Гиппий. Как же иначе?

Сократ. И все это есть нечто; ведь не есть же это ничто.

Гиппий. Конечно, нечто.

Сократ. Так не будет ли и все прекрасное прекрасным благодаря прекрасному?

Гиппий. Да, благодаря прекрасному.

Сократ. И это прекрасное есть нечто?

Гиппий. Нечто; чем же ему и быть?

Сократ. «Так ответь мне, чужеземец, — скажет он, — что такое это прекрасное?»

Гиппий. Значит, Сократ, задающий этот вопрос, желает узнать, что прекрасно?

Сократ. Мне кажется, нет; он хочет узнать, что такое прекрасное, Гиппий.

Гиппий. А чем одно отличается от другого?

Сократ. По-твоему, ничем?

Гиппий. Разумеется, ничем не отличается.

Сократ. Разумеется; очевидно, ты это лучше знаешь. Однако, смотри, дорогой мой: он ведь тебя спрашивает не о том, что прекрасно, а о том, что такое прекрасное.

Гиппий. Понимаю, дорогой мой, и отвечу ему, что такое прекрасное, и никогда ему меня не опровергнуть. Знай твердо, Сократ, если уже надо говорить правду: прекрасная девушка есть прекрасное.

Сократ. Прекрасный и славный ответ, Гиппий, клянусь собакой! Не правда ли, если я отвечу так, я дам ответ на вопрос, и ответ правильный, и никогда меня не опровергнуть?

Гиппий.

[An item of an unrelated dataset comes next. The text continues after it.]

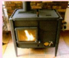
バイオマス燃料 燃焼機器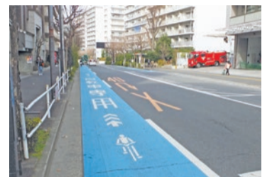
交通環境の整備(自転車通行空間(自転車専用通行帯)の整備)

Да как же тебя опровергнуть, Сократ, когда это кажется всем таким, и все, кто это услышат, засвидетельствуют, что ты говоришь правильно.

Сократ. Пусть это так, хорошо! Но, Гиппий, дай-ка я снова повторю себе, что ты говоришь. Тот человек спросит меня приблизительно так: «Ну, Сократ, отвечай мне — все то, что ты называешь прекрасным, будет прекрасным, если само-то прекрасное является чем?» Я же скажу: «Если прекрасная девушка есть прекрасное, тогда она и есть то, благодаря чему это будет прекрасно?»

Гиппий. Так ты думаешь, он еще будет пытаться опровергать тебя, говоря, что то, о чем ты говоришь, не прекрасно? Разве он не будет смешон, если сделает такую попытку?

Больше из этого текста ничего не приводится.